Naymz.com
- Company type: Private
- Founded: January 2006
- Founder: Nolan Bayliss, Tony Czupryna, Tom Drugan
- Headquarters: Chicago, Illinois, USA
- Key people: Aaron Cooper, Advisor
- Website: Naymz

= Naymz =

Social networking platform

Naymz.com was a professional social networking platform that allowed users to network with other professionals and manage their online reputation.

In October 2010, Naymz claimed to have 1.8 million members.

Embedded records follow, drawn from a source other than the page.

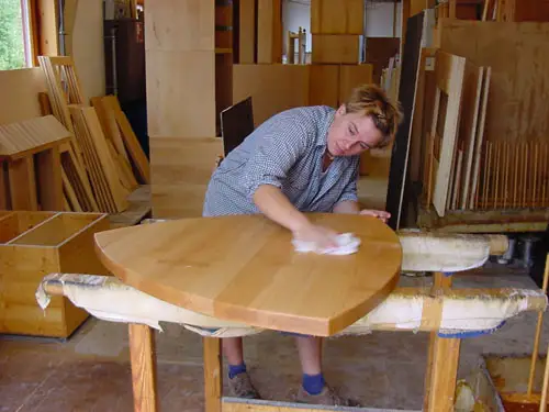 Der tief eindringende Leinölanteil härtet das Holz beim Trocknen von innen. Nach dem langwierigen Trocknungsvorgang und dem Zwischenschleifen werden ein zweiter, und - je nach Verwendungs-zweck - auch noch mehrere Ölaufträge einpoliert.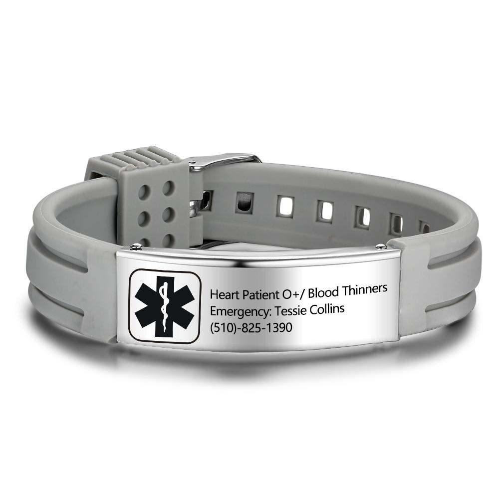 Medical Alert Bracelet Women Men Adjustable Sport Bracelet Waterproof Silicone Engraved Personalized Emergency ID Wristband Grey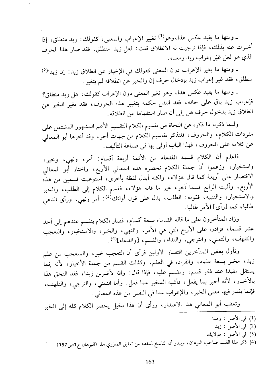 فاعلم أن الكلام قسمه القدماء من الأئمة أربعة أقسام: أمر، ونهي، وخبر، واستخبار، وزعموا أن جملة الكلام تحصره هذه المعاني الأربع، واختار أبو المعالي الاقتصار على أربعة كما قال هؤلاء، ولكنه أبدل لفظة بأخرى، استوعبت قسمين من هذه الأربع، وأثبت الرابع قسما آخر، غير ما قاله هؤلاء، فقسم الكلام إلى الطلب، والخبر والاستخبار, والتنبيه، فقوله: الطلب، يدل على قول أولئك: أمر ونهي، ورأى الناهي طالبا، كما [رأى] الآمر طلبا.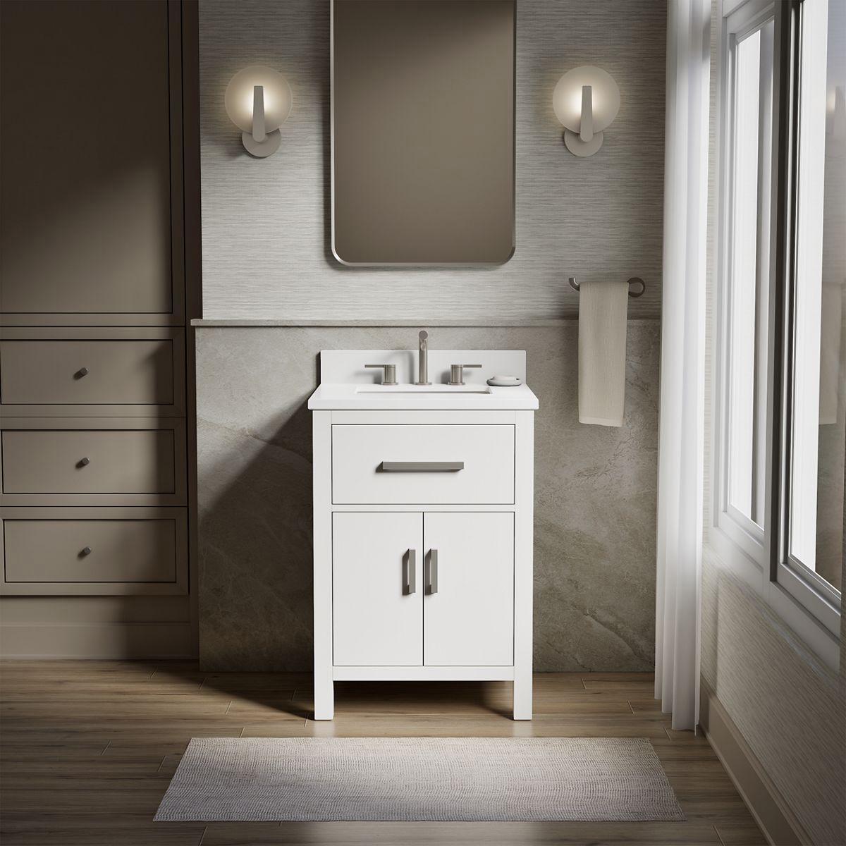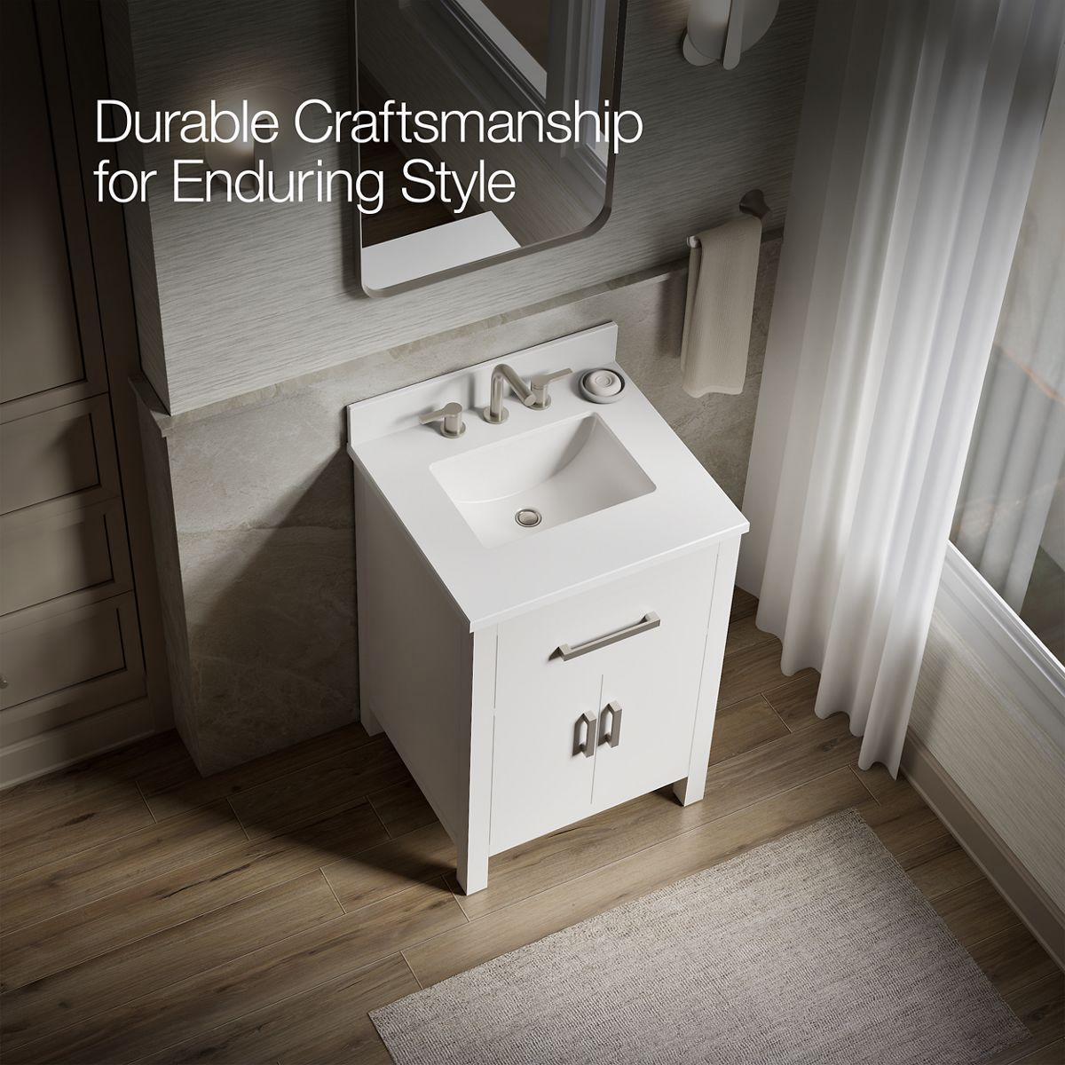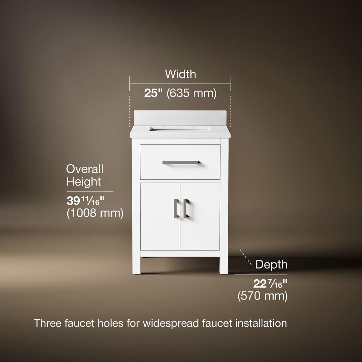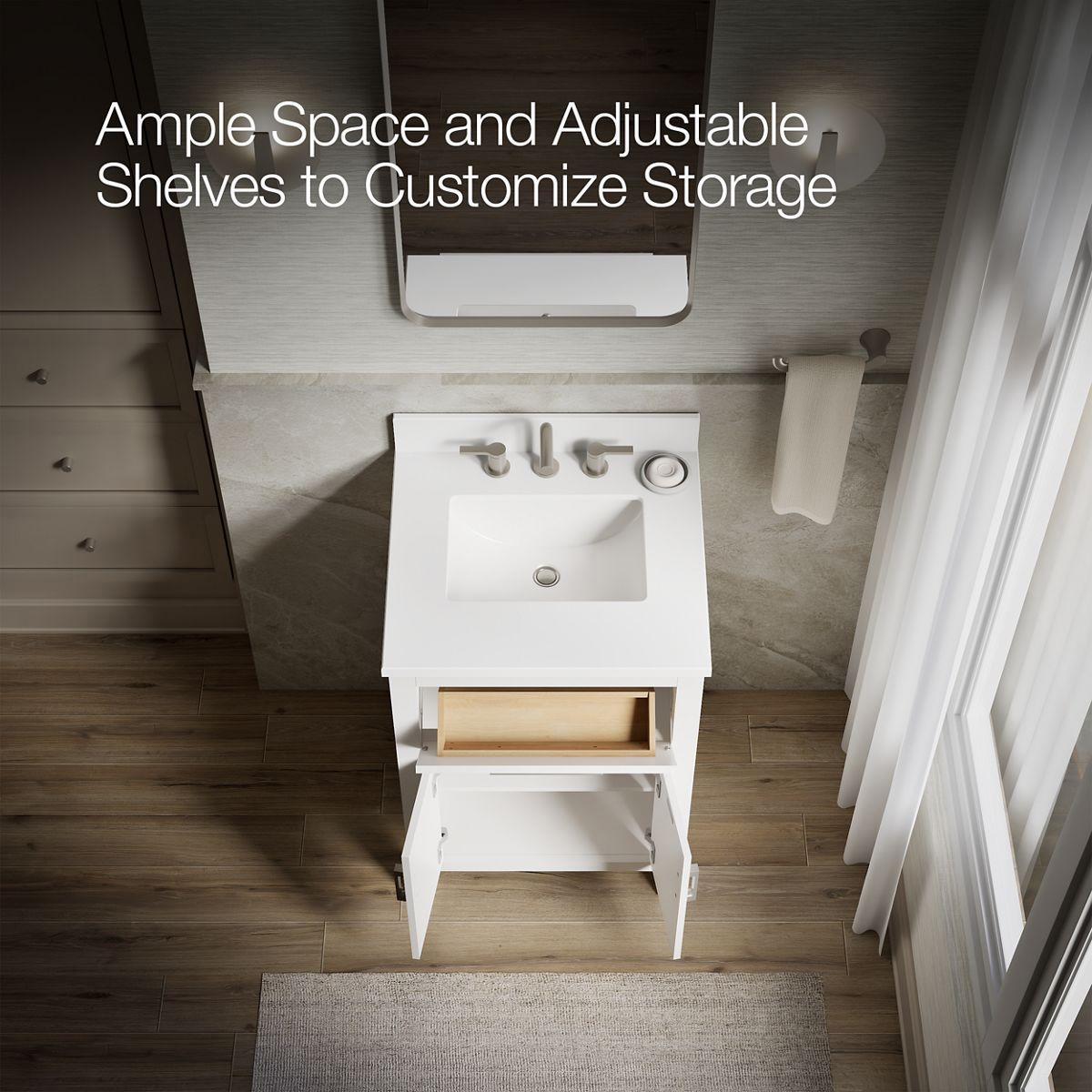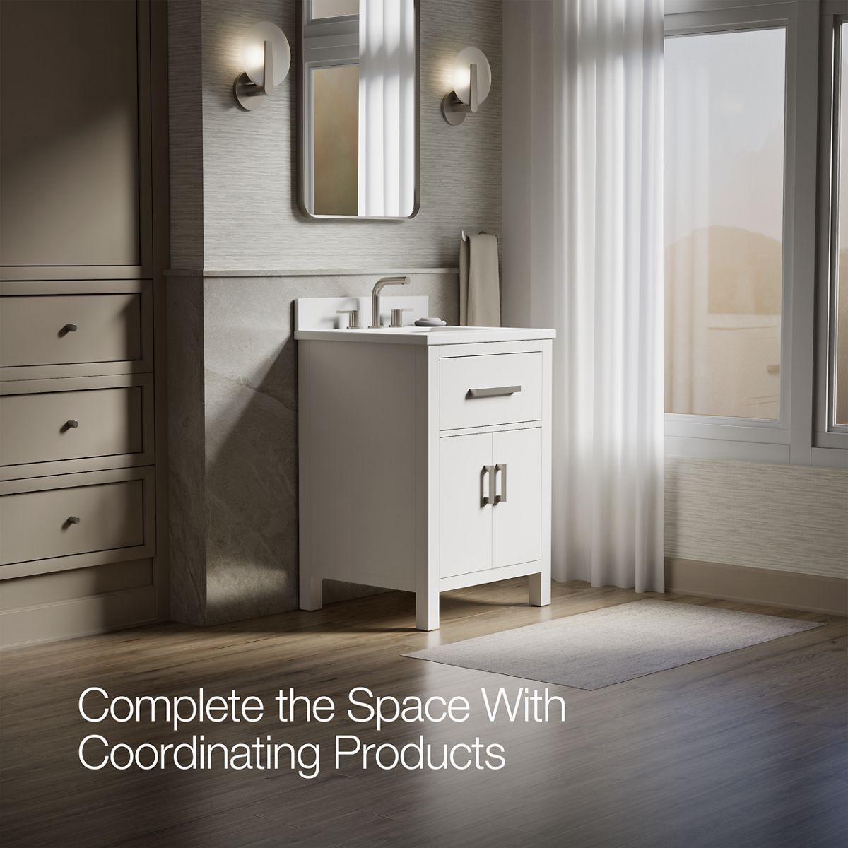 The Kresla vanity collection brings a quiet sophistication into your bathroom space with its with clean, architectural lines and range of finishes, and with its roomy interior you'll find ample storage space to keep your bathroom organized and clutter-free. The Kresla 24" vanity set includes cabinet, quartz countertop with matching backsplash, sink, and hardware. With KOHLER, it’s easy to find the design solution that’s right for you.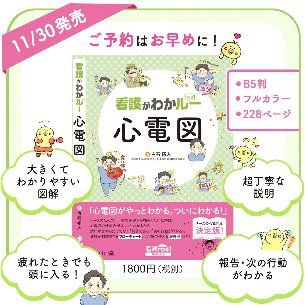 心電図がわからないという看護師や看護学生の、ニガテ克服のための強い味方『看護がわかルー心電図』は、本日(2022年11月30日)より、Amazonや楽天ブックス、全国の書店で発売開始となります。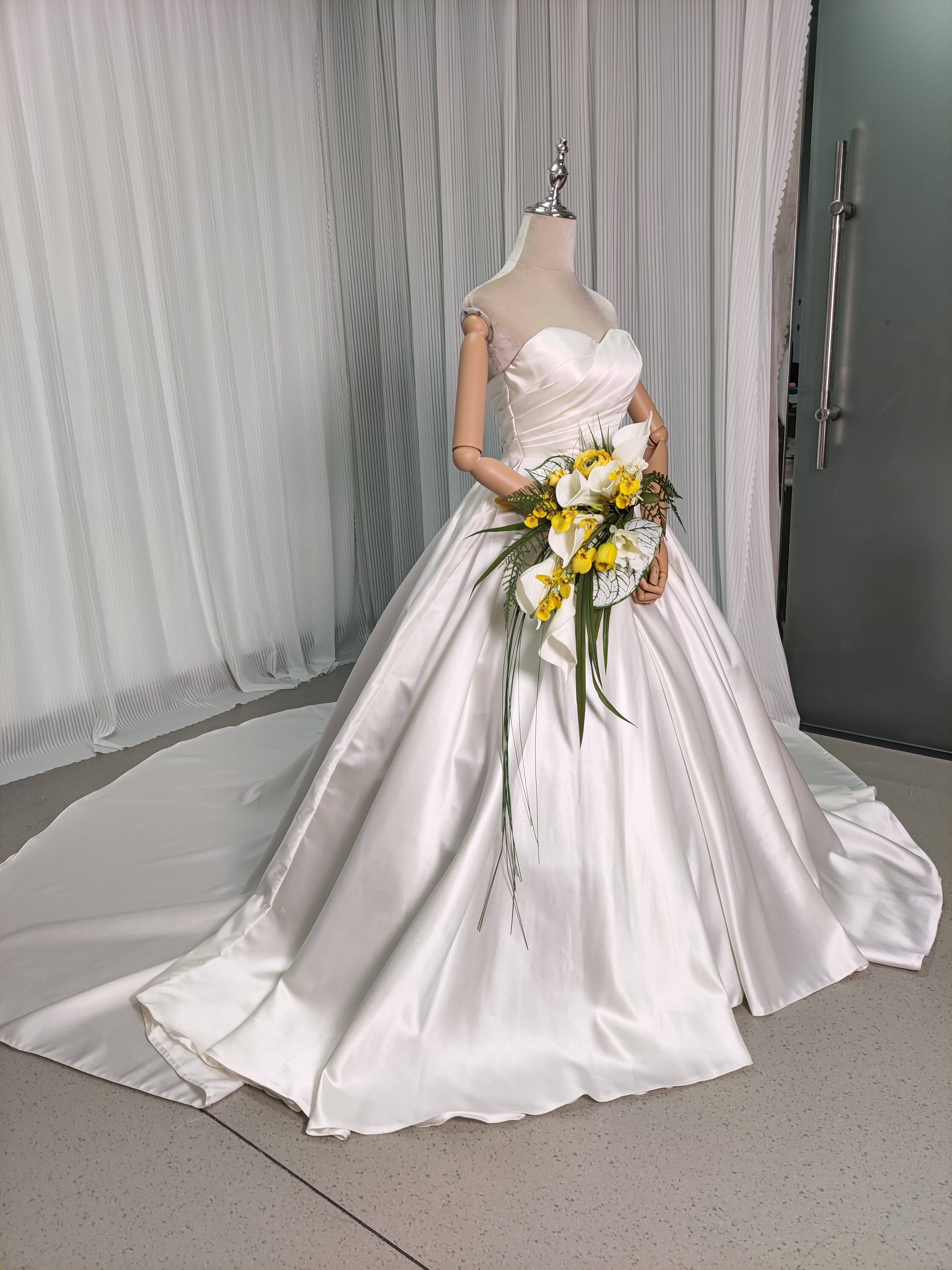美品!オフショルダー ウエディングドレス Aラインドレス 胸元にタックを寄せるスタイル 高みせ 細見えシルエット ロングトレーン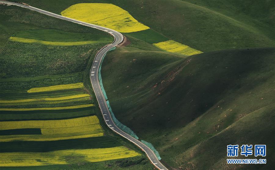 这是7月12日拍摄的青海祁连县境内的油菜花田。 新华社记者 费茂华 摄
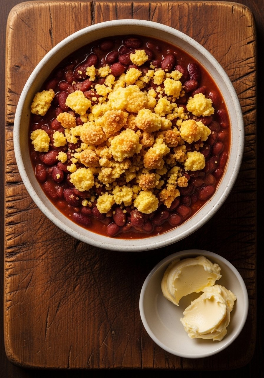 Add a crunchy cornbread crumble for texture contrast—crumbed cornbread folded over the beans adds buttery, slightly sweet notes that pair perfectly with spice.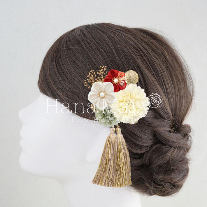 HanaMaryの髪飾りは生花をリアルに再現したアートフラワーと呼ばれるハイクオリティーな造花を使用しています。耐久性に優れ、成人式・卒業式やウェディングなどに何度でも繰り返し使用することができます。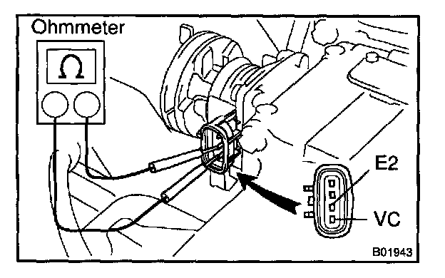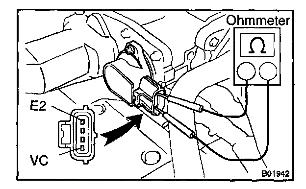 b. Using an ohmmeter, measure the resistance between terminals VC and E2.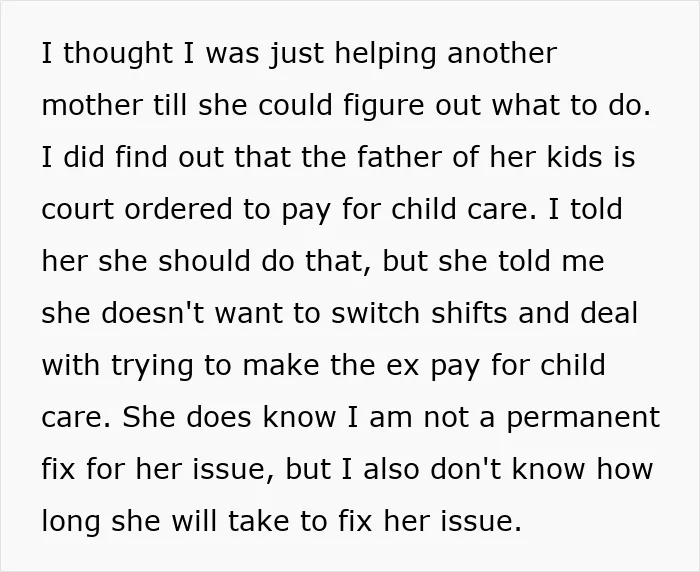 The woman later shared more details about her situation.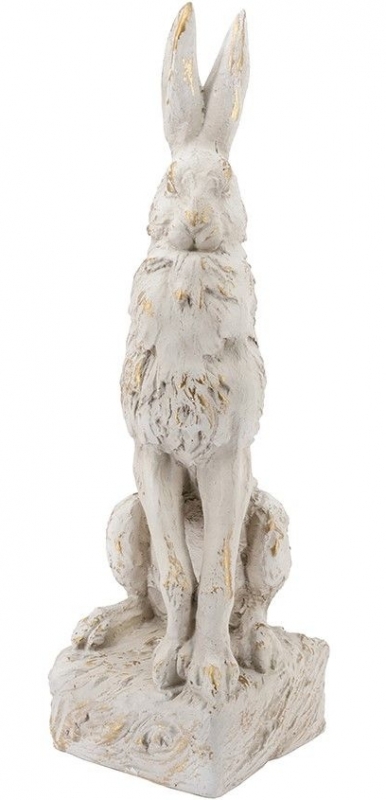 Эта статуэтка изображает зайца, символизирующего весну и обновление. Винтажный стиль исполнения с заметными потертостями и эффектом реставрации придаёт ей особую харизму и индивидуальность. Цветовая гамма представлена в нежных серых и белых тонах, дополненных золотистыми акцентами, что делает её универсальной для различных интерьеров. Материал — качественный полимер, который обеспечивает долговечность и лёгкость в уходе. Каждая деталь проработана с любовью, создавая ощущение живого существа, готового занять свое место в вашем доме.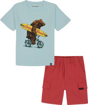 They'll get in touch with their wild side in this cotton-blend bear graphic T-shirt and cotton shorts set.
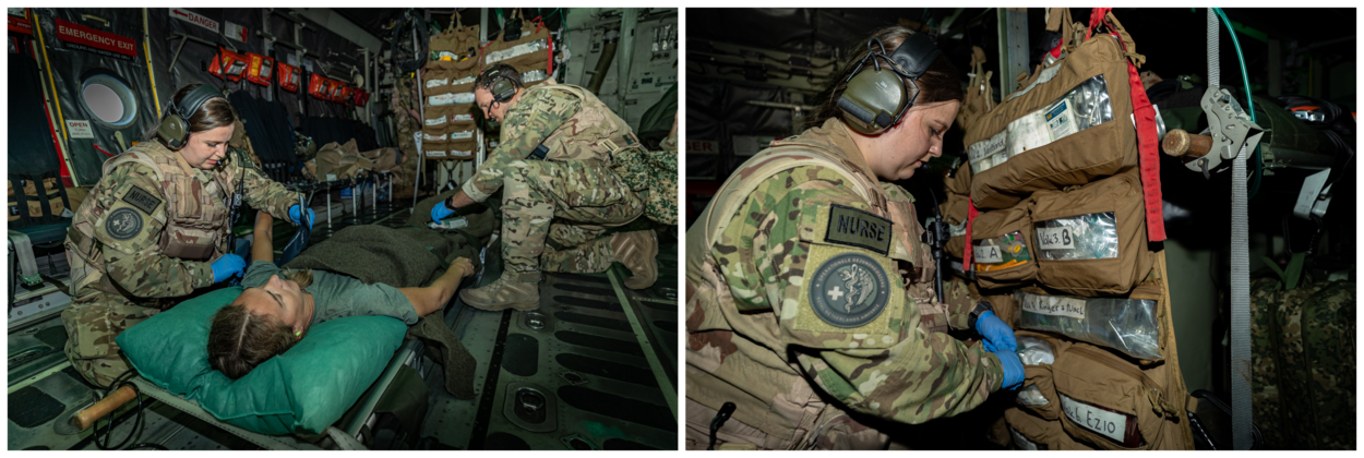 Kapitein vliegerarts Marvin krijgt tijdens de vluchten naar Cyprus met meerdere patiënten te maken. Onder andere met een evacuee met een ‘gebroken arm’ en een vrouw met een ‘steekwond’ in haar been. “Tijdens de oefenevacuatie hebben we vooral gefocust op de overdracht van de patiënten door de mariniers aan ons, daar hadden we afspraken over gemaakt. Wij zijn als medisch personeel speciaal geschoold voor optreden in de C-130, dus we oefenen dit vaker. Maar tijdens deze NEO-oefening heb je weer met andere variabelen te maken waarop we moeten inspelen. Zoals een vooraf onbekend aantal patiënten en minder handelingsruimte door de vele evacuees en/of mariniers.”

As of December 2017, Naymz has been shut down by the owners.

==History==

Naymz was founded by Nolan Bayliss, Tony Czupryna, and Tom Drugan in January 2006. The three founders previously worked at and met at the online travel company Orbitz in Chicago. Naymz launched to the public in June, 2006.

==Importance==

Naymz was one of the first Web 2.0 sites to provide utilities for Online Reputation Management (ORM) services. Other sites providing similar services include ClaimID, ReputationDefender, and LinkedIn.

In September 2007, Naymz added social networking to its platform and a proprietary Reputation Scoring system called RepScore.

Naymz has appeared in print and digital news articles in leading media outlets, including USA Today, ABC News, NPR, Wall St. Journal, and Washington Post.